* _TASK_
No pictures belong in the copy. Reproduce exactly the lines beginning at the line containing "Tetování zvíře, škorpion, štír" and continuing to the end of the entries below.

* _Data excerpts_
+-------+

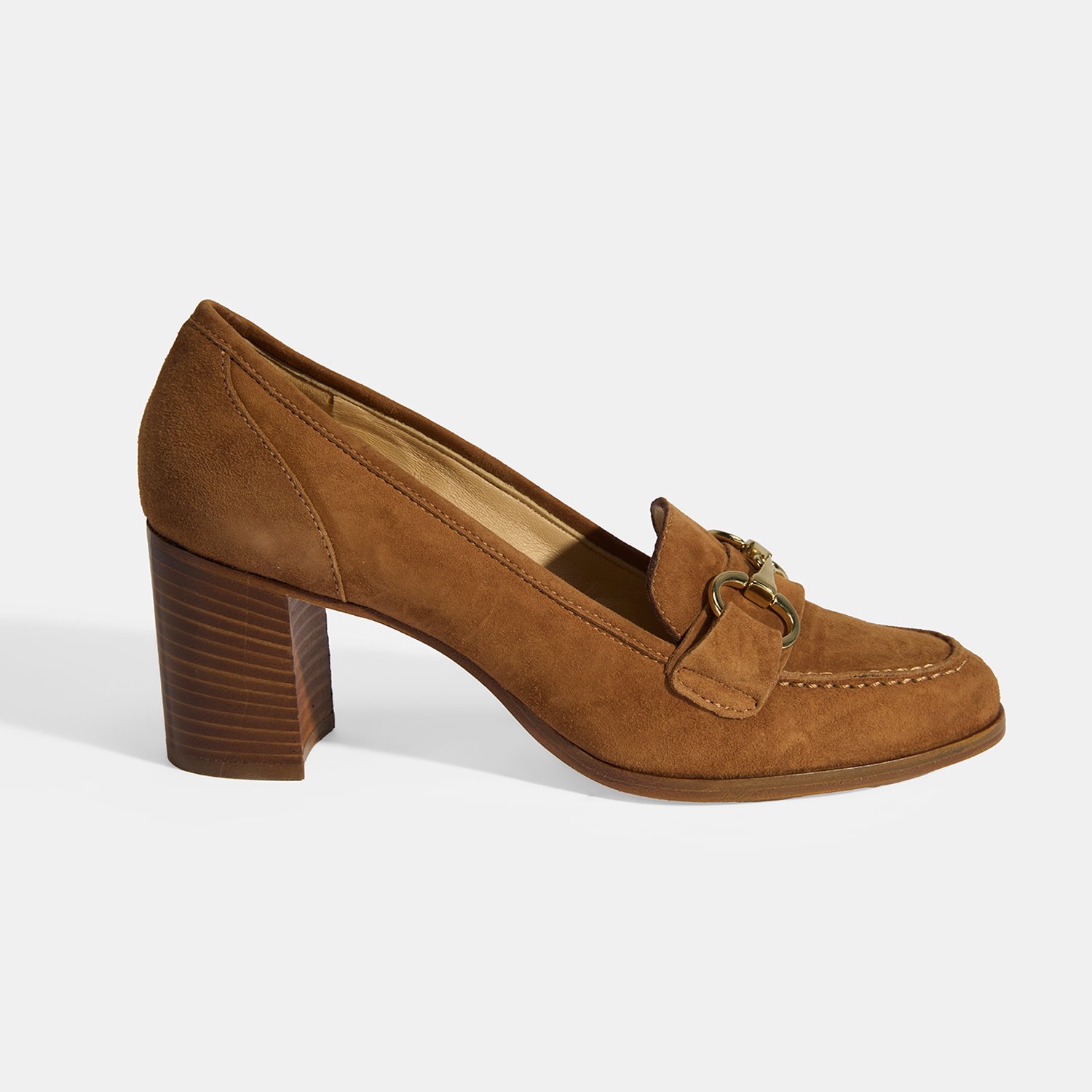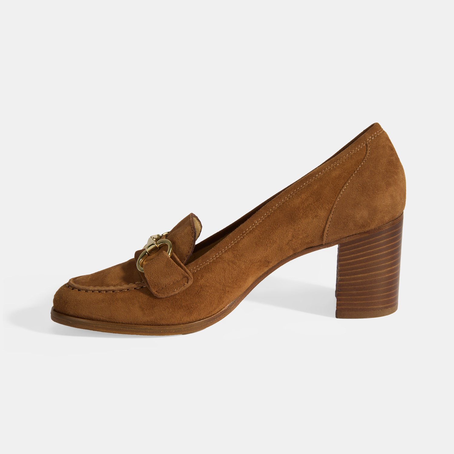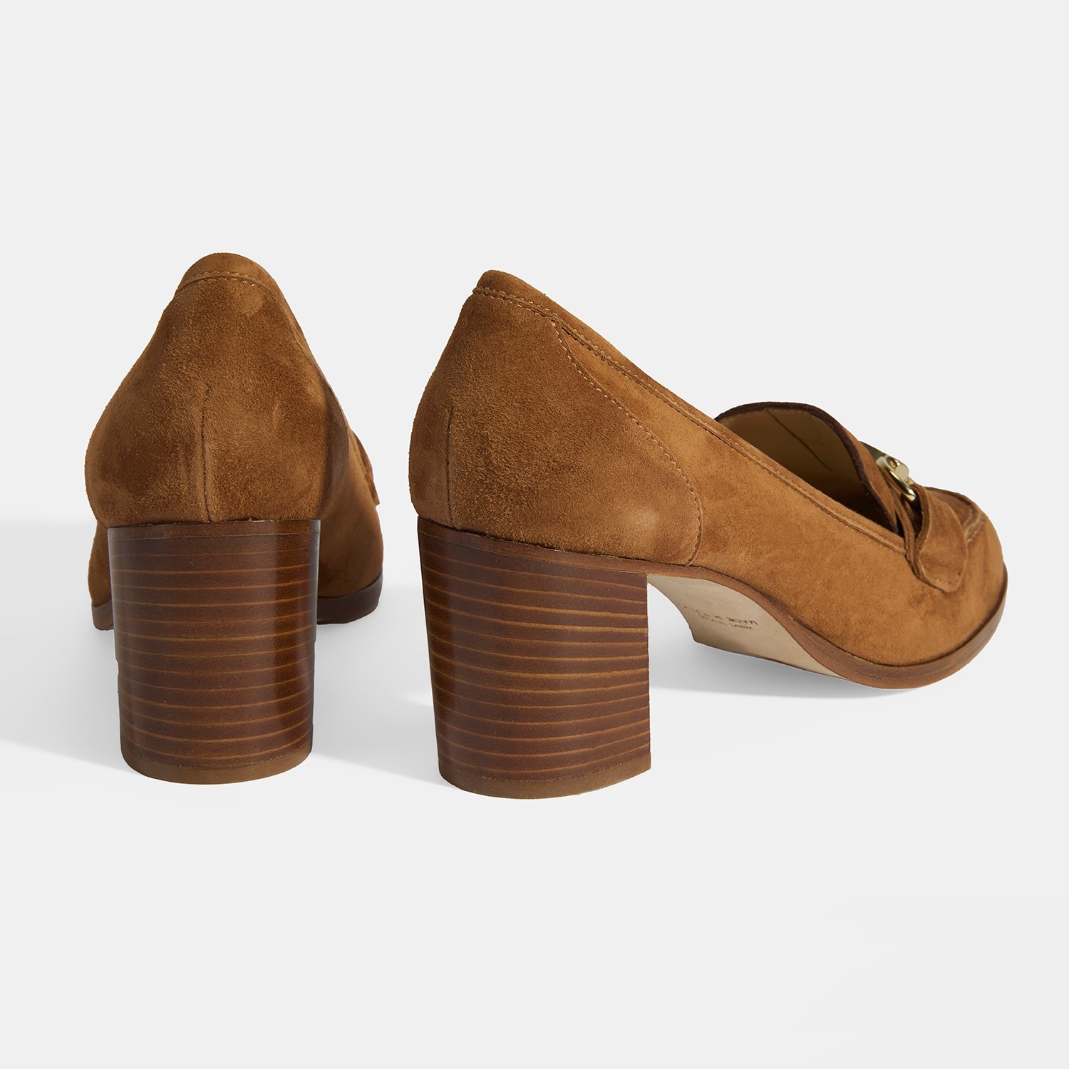 %100 süet deri, deri iç tabanlı, deri astarlı, metal toka aksesuar detaylı, kösele tabanlı, topuklu kadın loafer.
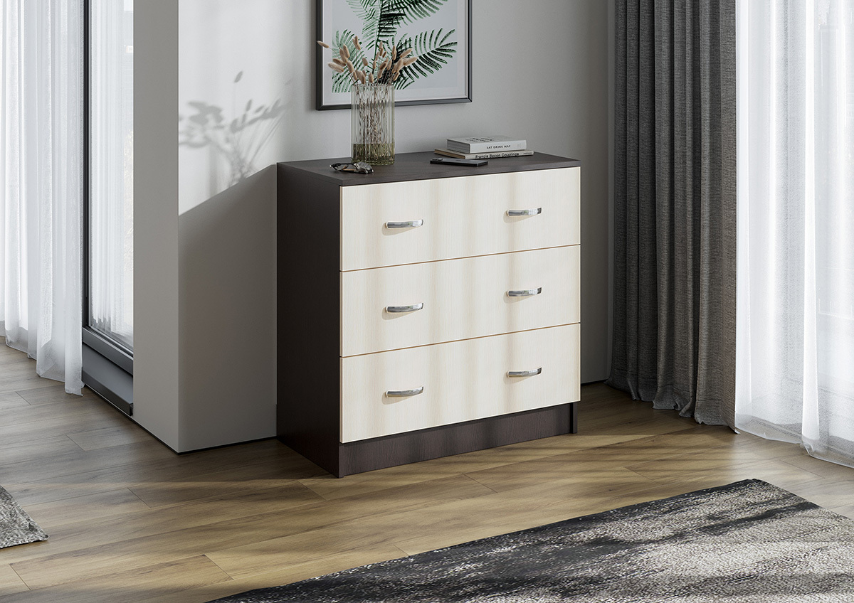 Комод подойдет даже для небольшой спальни, при этом четыре объемных ящика вместят белье и другие предметы гардероба
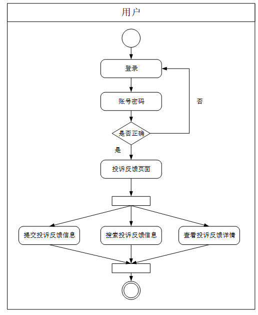 用户成功登录后,就能进入投诉反馈页面,这时系统前端会显示投诉反馈页面,并提供诸如提交、搜索、查看投诉反馈信息等选项,当用户处在投诉反馈页面时,可以选择提交新的投诉反馈信息,这样系统前端就会把用户所投的信息传给系统后端,而后端会把这些信息存入数据库。 用户也可以选择搜索投诉反馈信息,系统前端会把用户的搜索请求发送给系统后端,后端会在数据库中搜索相关信息,然后回传给前端显示给用户看,用户也可以选择查看投诉反馈的详细情况,系统前端会把用户的查阅请求传递给系统后端,后端从数据库获取详细投诉信息后再传回前端显示。用户投诉反馈活动图如图3-5所示。
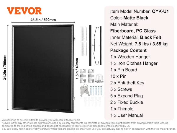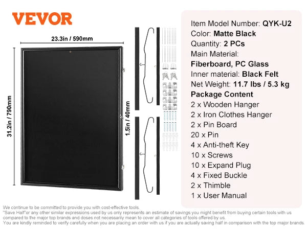 Versatile Display Alternatives: We have you covered with a variety of accessories to display your jerseys! In addition to essential installation components, we supply a wooden hanger, an iron hanger, and 10 fixed pins. The wooden hanger is perfect for sleeveless jerseys such as basketball jerseys, while the iron hanger is suitable for smaller soccer jersey shirts. The fixed pins are best for long-sleeved jerseys like soccer and hockey jerseys, ensuring a wrinkle-free display.
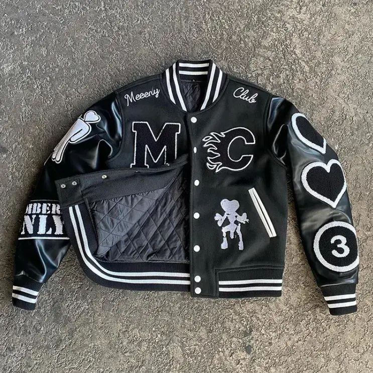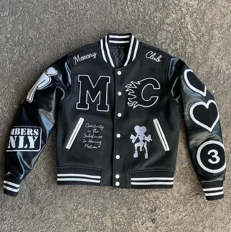 แจ็คเก็ตบอมเบอร์เลตเตอร์หนังทีมโรงเรียนสำหรับผู้ชายปักลายกำมะหยี่
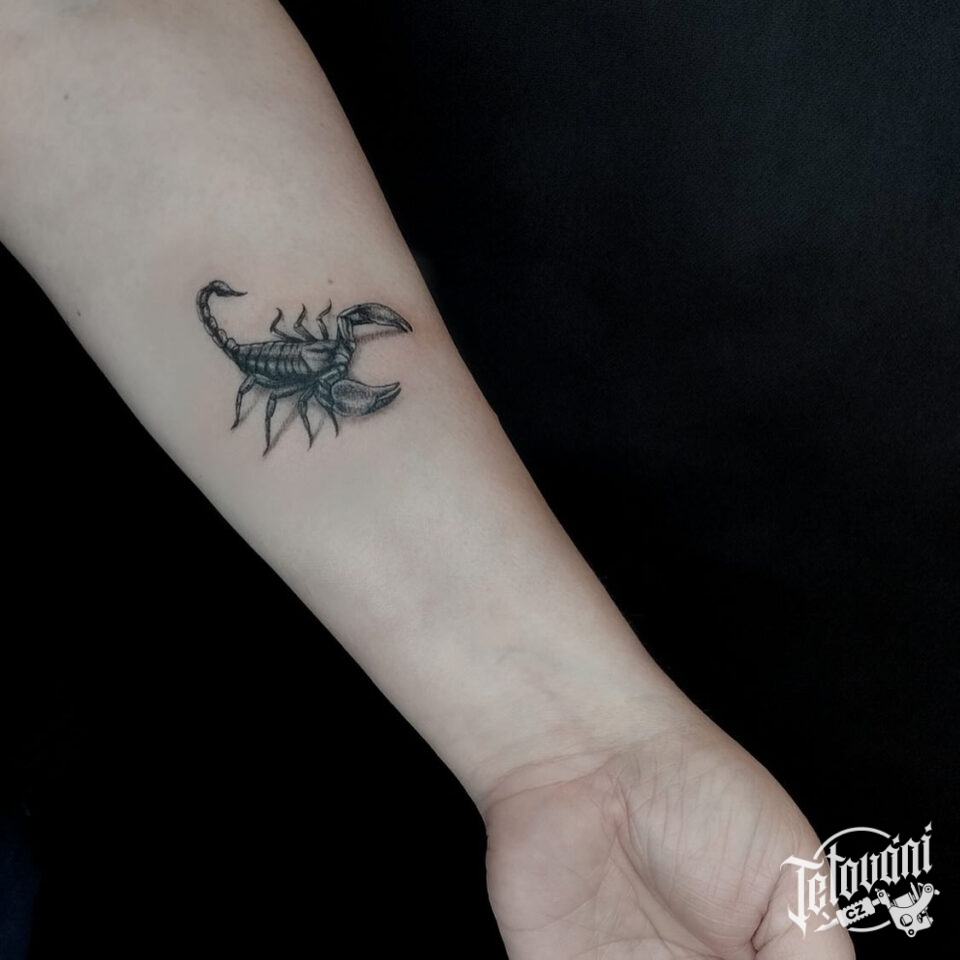 Tetování zvíře, škorpion, štír znamení zvěrokruhu na předloktí
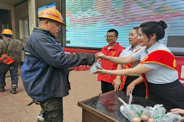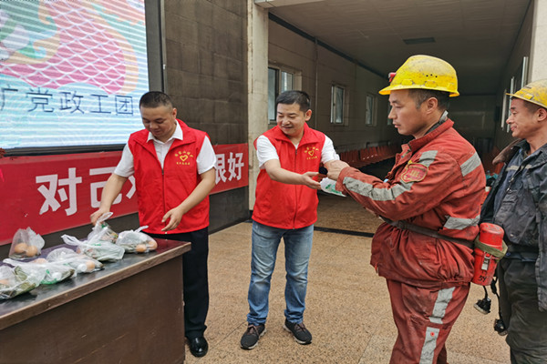 6月14日,端午節(jié)當(dāng)天,陳家山煤礦在井口開展“迎端午保平安送祝?!蔽繂柣顒?dòng),向職工們送上端午祝福和安全囑托。
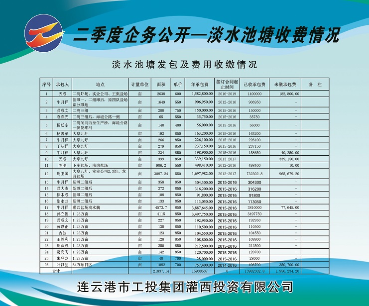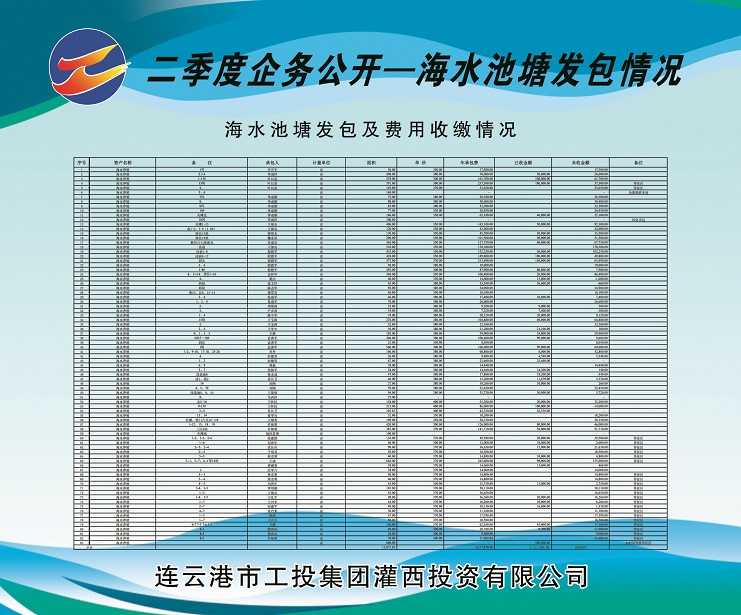 2、海水养殖池塘发包及费用收缴情况。共发包海水养殖池塘面积13073.83亩,应收租赁费421.787万元,已收租赁费221.39万元,欠收租赁费200.397万元,收缴率为52%。

+-------+

* _REPLY_
 Tetování zvíře, škorpion, štír znamení zvěrokruhu na předloktí
 6月14日,端午節(jié)當(dāng)天,陳家山煤礦在井口開展“迎端午保平安送祝?!蔽繂柣顒?dòng),向職工們送上端午祝福和安全囑托。
 2、海水养殖池塘发包及费用收缴情况。共发包海水养殖池塘面积13073.83亩,应收租赁费421.787万元,已收租赁费221.39万元,欠收租赁费200.397万元,收缴率为52%。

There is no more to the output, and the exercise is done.